Basma Alsharif
Museum of Contemporary Art
Toronto
February 14–April 14
Basma Alsharif’s exhibition in Toronto presents four installations with film and video that weave shades of imperialism into repetitive, quotidian activities. In Girls Only, 2014, a woman seated in an empty stadium performs a rhyming exercise. Her image is montaged with interludes of heroic, cinematic music, to the tune of celebratory nationalism. These themes extend to Trompe l’oeil, 2016, which is set up as a living room, complete with a carpet, divan, sofa chair, and flat-screen television that shows people performing everyday activities.

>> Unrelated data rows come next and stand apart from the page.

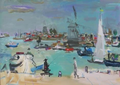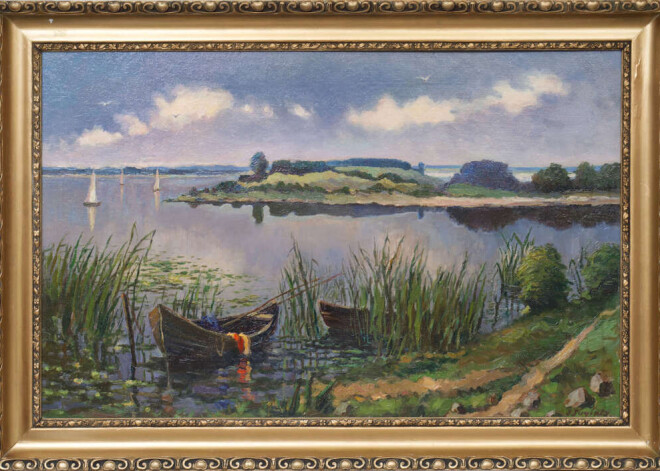 Bet par 2500 eiro šobrīd novērtēta izcilā latviešu gleznotāja Jāņa Pauļuka (1906 - 1984) eļļas tehnikā tapušais mākslas darbs “Regate negaisā” (46,3x39,4 cm). Tāpat 2500 eiro pašreiz sola arī par Valijas Emmas Liepiņas eļļas gleznu “Peldētājas ar bumbu” (170x130 cm).
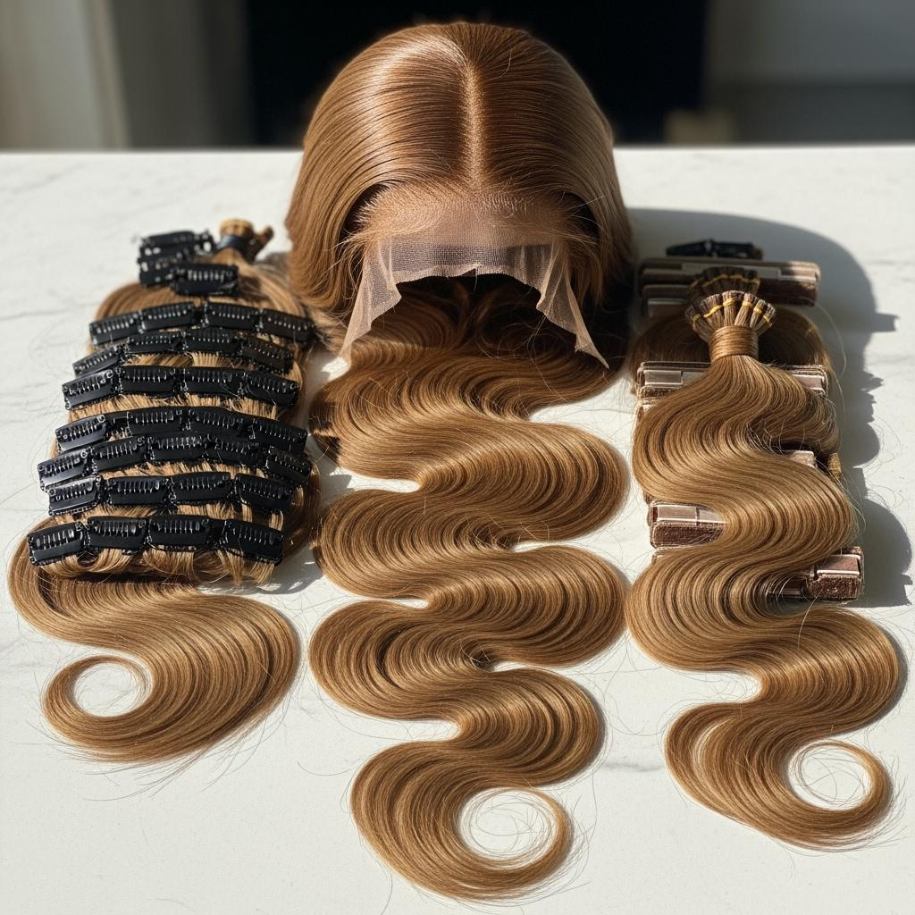 Even if wigs are your anchor, clip-ins and tape-ins can lift AOV and help clients build mixed-format wardrobes that still color-match your light brown. Clip-in blowout or body wave sets are perfect “weekend volume” add-ons for customers who wear 13×4 closures during the week; match undertone and luster so clients can layer pieces without a visible shift. Study clip-in seam engineering—thin, color-matched seams and strong springs—to inspire discreet weft placement inside high-density wigs, preventing bulk at the temples.
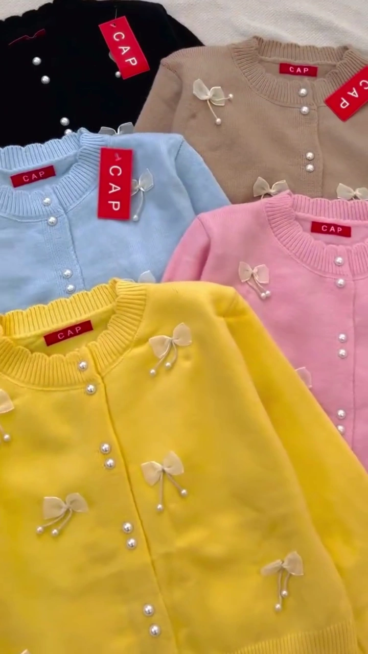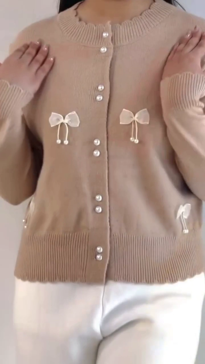+ Free ShippingElevate your daily wardrobe with our Pearl-Embellished Bow Cardigan, a perfect blend of vintage charm and modern sophistication. Crafted from a soft, high-quality knit, this cardigan is designed to offer both warmth and a delicate, dainty silhouette. The standout features include hand-finished sheer organza bows and shimmering faux pearl buttons that add a touch of luxury to a classic staple.
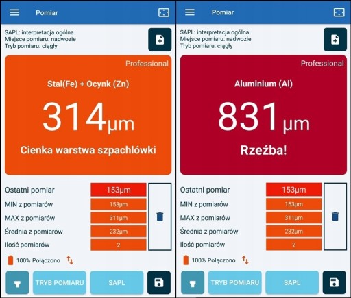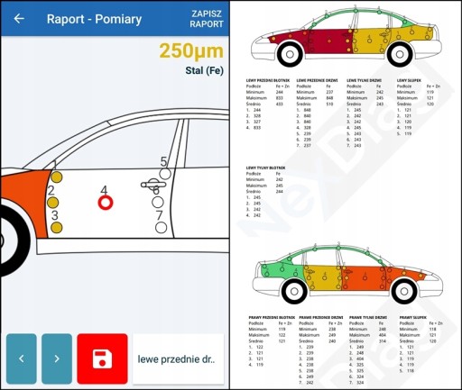 Aplikacja dodatkowo pozwala tworzyć historię pomiarów z podziałem na elementy karoserii, jak również możliwość eksportu danych w celu ich przetwarzania.
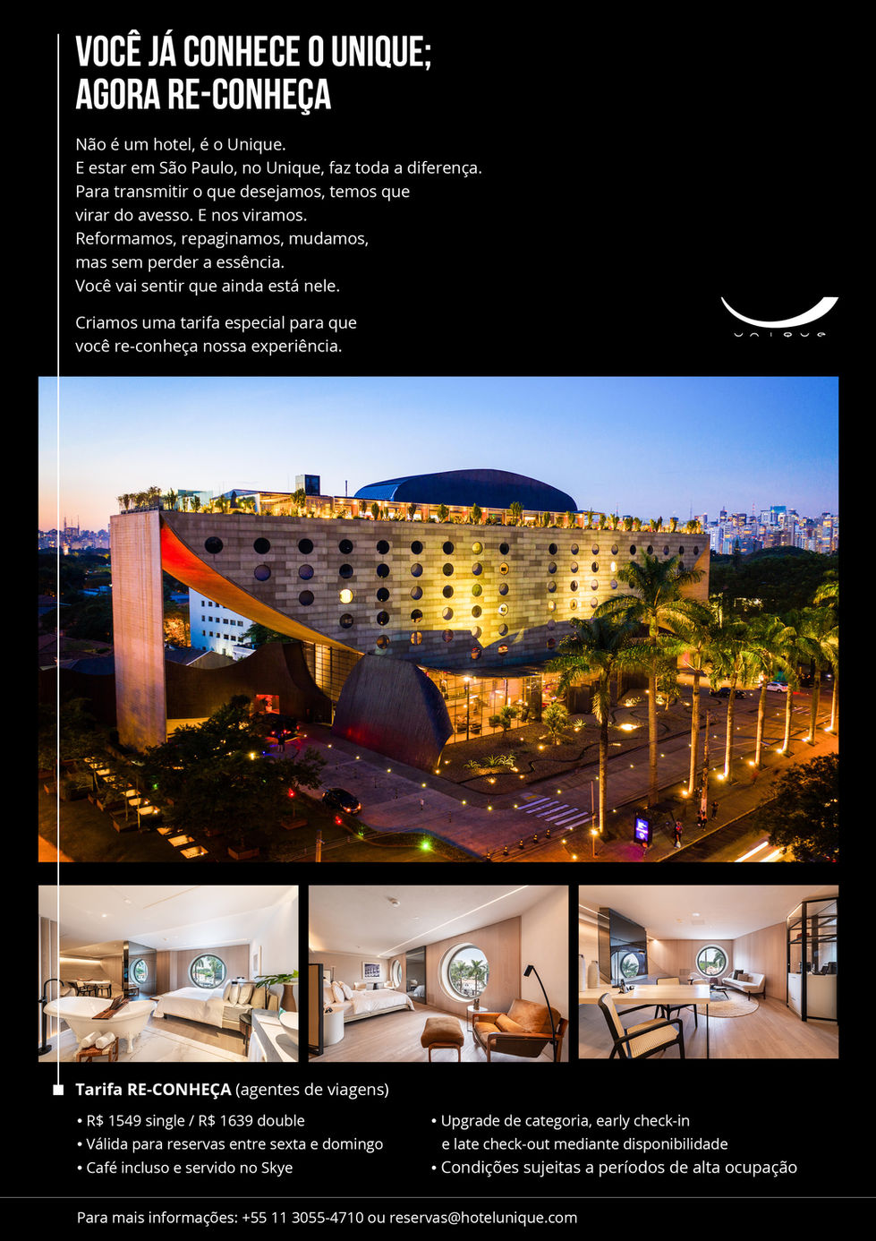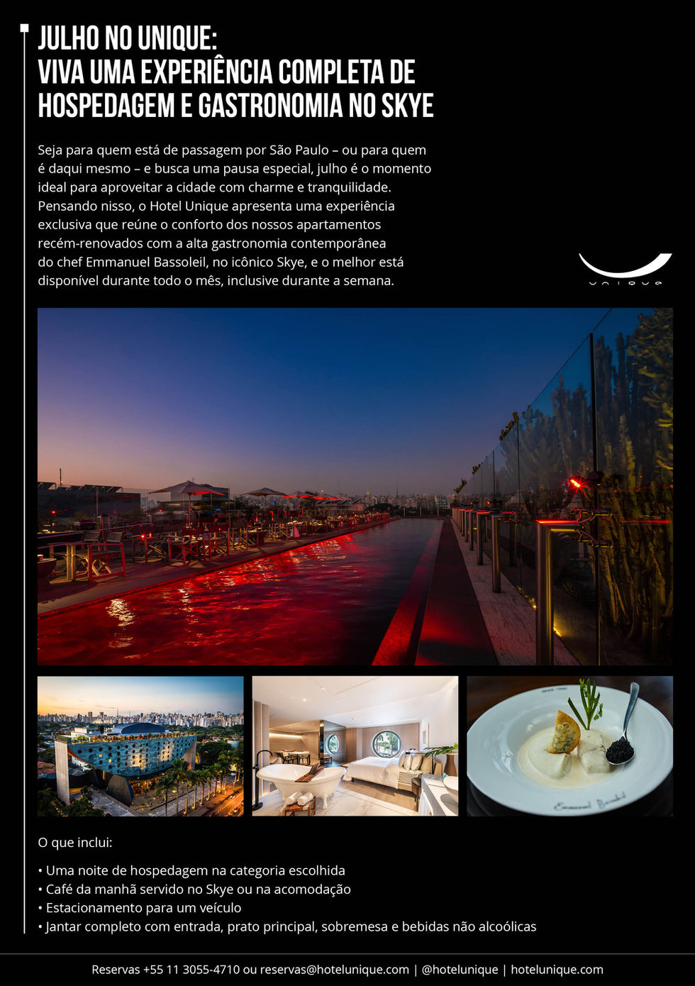 Criação de lâminas digitais para divulgação de promoções do Hotel Unique, enviadas por e-mail e WhatsApp. A diagramação une imagens impactantes e design limpo para garantir uma leitura fácil, elegante e envolvente para o público de luxo.

Within the installation are two large-scale prints of actual living rooms, one of which includes three reproduced photographs of Arab slaves from the collection of T. E. Lawrence (of the 1916 Arab Revolt and the 1962 film Lawrence of Arabia) tacked over the divan. This visual interruption in the domestic scene conveys how cyclical, violent histories are preserved in social memory, especially among the oppressed.
In The Story of Milk and Honey, 2011, the protagonist describes his desire to write a fictional love story set in the Middle East but “devoid of political context.” Toward this end, he compiles Arab love songs and reads an article about Italian cinema. The other photographs and texts in the exhibition can then be viewed as the results of his unwritten story. A Philistine, 2018, is a novella in five movements; twenty-five reading copies are available in the gallery alongside ten related prints. Presented in both English and a Palestinian dialect, the work shares the radical qualities of Pier Paolo Pasolini’s novel A Dream of Something (1962), which, like many of his texts, he wrote in Friulian to preserve the dialect during Mussolini’s Italy. Beginning with a failed romance between a furniture store clerk and an ineffective political agitator with literary aspirations in Cairo, Alsharif’s story keeps the political context intact.